Output every record exactly, apart from its images.

(Records drawn from a dataset)
════════════════════
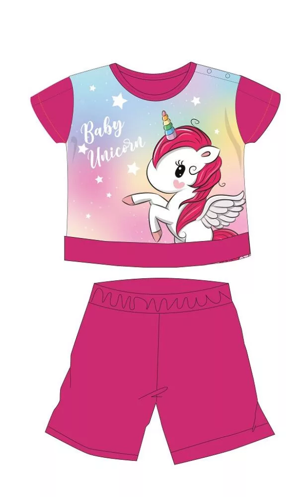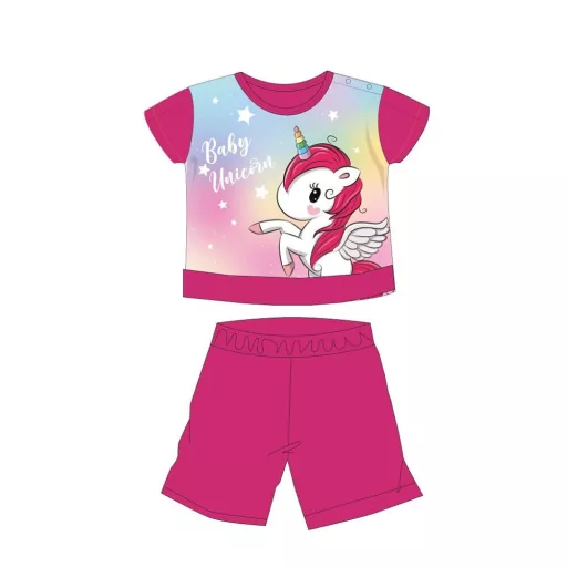 Unikornis nyári rövid ujjú baba pizsama - pamut jersey pizsama - pink - 86
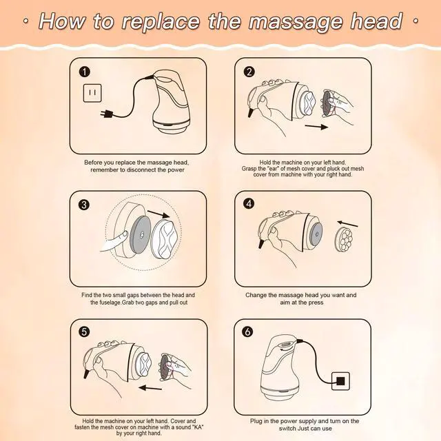 • 8 MASSAGE HEADS+1 MESH COVERSIncludes 8 interchangeable heads (1 attached to the massager, 7 in the accessory bag) and 1 mesh cover to prevent hair from getting caught in the device.
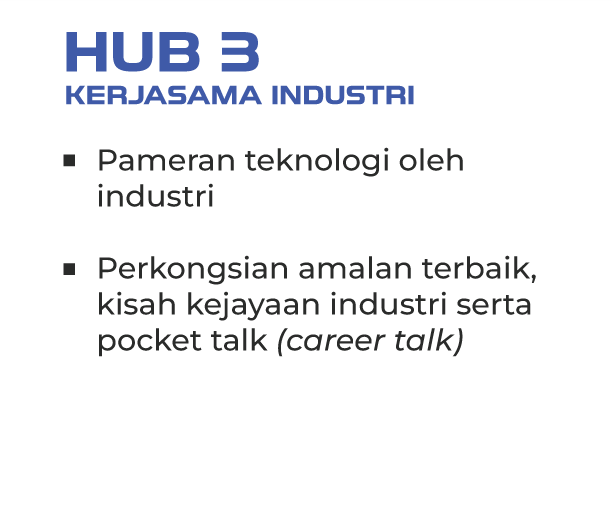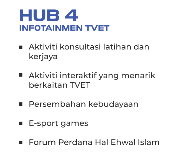 Hub 4 menampilkan pelbagai aktiviti interaktif dan bermanfaat yang membolehkan pengunjung merasai sendiri pengalaman dunia TVET secara langsung. Dirangka dengan pendekatan yang inklusif dan menyeronokkan, hub ini menjadi ruang pertemuan antara institusi TVET, mahasiswa, pelajar, dan masyarakat umum bagi memupuk minat terhadap pendidikan dan latihan teknikal.
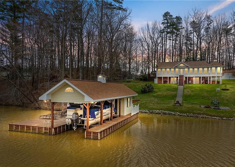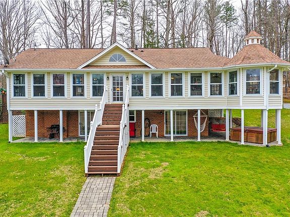 LOOKING FOR YOUR HAPPY PLACE? This is it! Located on HYCO LAKE, this home has everything you need to enjoy LAKELIFE! Enjoy relaxing or dining in the spectacular sunroom with VIEWS! VIEWS! VIEWS! Great house for entertaining with plenty of room for guests and family. Outside enjoy the HOT TUB, easy walk to the water, and the BOATHOUSE! Storage Building! Circular driveway with plenty of parking!
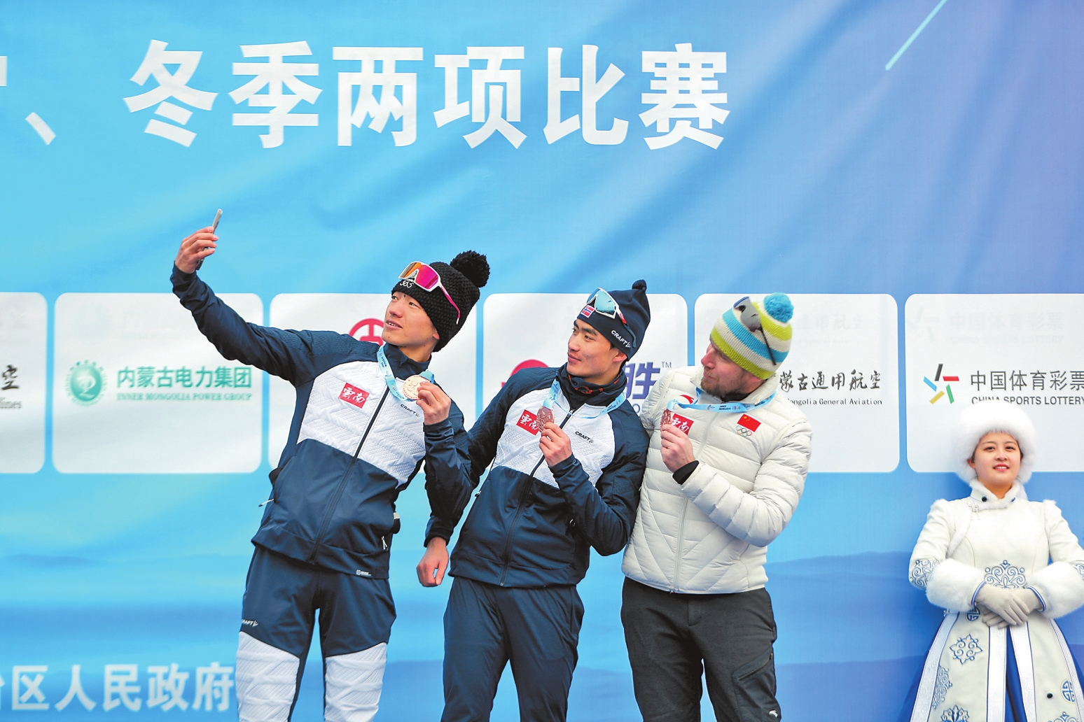 本报凉城专电(记者 娄莹) 2月19日,第十四届全国冬季运动会越野滑雪项目公开组男子/女子团体短距离(自由技术)比赛在乌兰察布凉城滑雪场进行,云南运动员陈德根、刘荣胜获铜牌。在当日举行的单板滑雪障碍追逐比赛上,潘鸣获男子青年组铜牌。
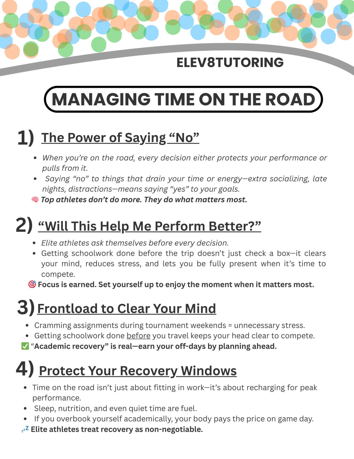 At Elev8Tutoring, we help student-athletes build systems that align with their travel demands and academic goals. If you need support managing your schoolwork on the road, we’re here to help—every mile of the way.
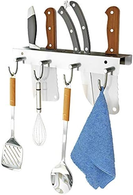 Messerstander For Kuche Kuchenutensilien Halter Multi Wand Befestigten 4 Schiebehaken 32cm Aus Hochwertigem Edelstahl Stilvoll Und Platzsparende Silber Amazon De Kuche Haushalt
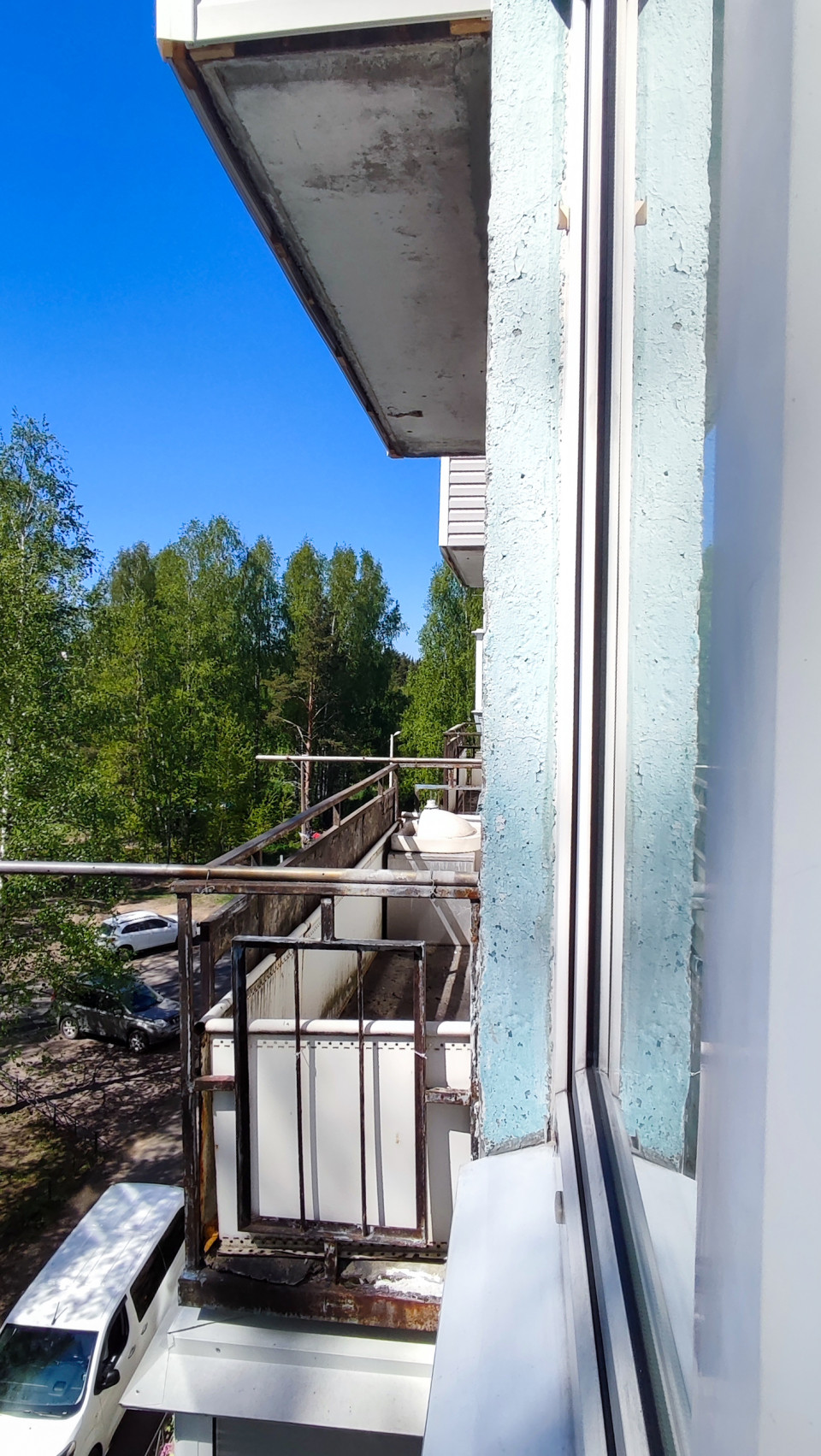 На фотографии показан открытый балкон многоэтажного жилого дома, снятый с уровня окна. Видна металлическая ограда с признаками коррозии, бетонная плита балкона и элементы фасада здания. Внизу заметна припаркованная машина и часть двора. На заднем плане — густые зеленые деревья, указывающие на летний период съёмки. Кадр отражает состояние наружных конструкций и общий вид жилой застройки. Фотография подходит для материалов о техническом состоянии зданий, дворовой инфраструктуре, городском жилье и благоустройстве.
════════════════════
WRITTEN RESPONSE
 Unikornis nyári rövid ujjú baba pizsama - pamut jersey pizsama - pink - 86
 • 8 MASSAGE HEADS+1 MESH COVERSIncludes 8 interchangeable heads (1 attached to the massager, 7 in the accessory bag) and 1 mesh cover to prevent hair from getting caught in the device.
 Hub 4 menampilkan pelbagai aktiviti interaktif dan bermanfaat yang membolehkan pengunjung merasai sendiri pengalaman dunia TVET secara langsung. Dirangka dengan pendekatan yang inklusif dan menyeronokkan, hub ini menjadi ruang pertemuan antara institusi TVET, mahasiswa, pelajar, dan masyarakat umum bagi memupuk minat terhadap pendidikan dan latihan teknikal.
 LOOKING FOR YOUR HAPPY PLACE? This is it! Located on HYCO LAKE, this home has everything you need to enjoy LAKELIFE! Enjoy relaxing or dining in the spectacular sunroom with VIEWS! VIEWS! VIEWS! Great house for entertaining with plenty of room for guests and family. Outside enjoy the HOT TUB, easy walk to the water, and the BOATHOUSE! Storage Building! Circular driveway with plenty of parking!
 本报凉城专电(记者 娄莹) 2月19日,第十四届全国冬季运动会越野滑雪项目公开组男子/女子团体短距离(自由技术)比赛在乌兰察布凉城滑雪场进行,云南运动员陈德根、刘荣胜获铜牌。在当日举行的单板滑雪障碍追逐比赛上,潘鸣获男子青年组铜牌。
 At Elev8Tutoring, we help student-athletes build systems that align with their travel demands and academic goals. If you need support managing your schoolwork on the road, we’re here to help—every mile of the way.
 Messerstander For Kuche Kuchenutensilien Halter Multi Wand Befestigten 4 Schiebehaken 32cm Aus Hochwertigem Edelstahl Stilvoll Und Platzsparende Silber Amazon De Kuche Haushalt
 На фотографии показан открытый балкон многоэтажного жилого дома, снятый с уровня окна. Видна металлическая ограда с признаками коррозии, бетонная плита балкона и элементы фасада здания. Внизу заметна припаркованная машина и часть двора. На заднем плане — густые зеленые деревья, указывающие на летний период съёмки. Кадр отражает состояние наружных конструкций и общий вид жилой застройки. Фотография подходит для материалов о техническом состоянии зданий, дворовой инфраструктуре, городском жилье и благоустройстве.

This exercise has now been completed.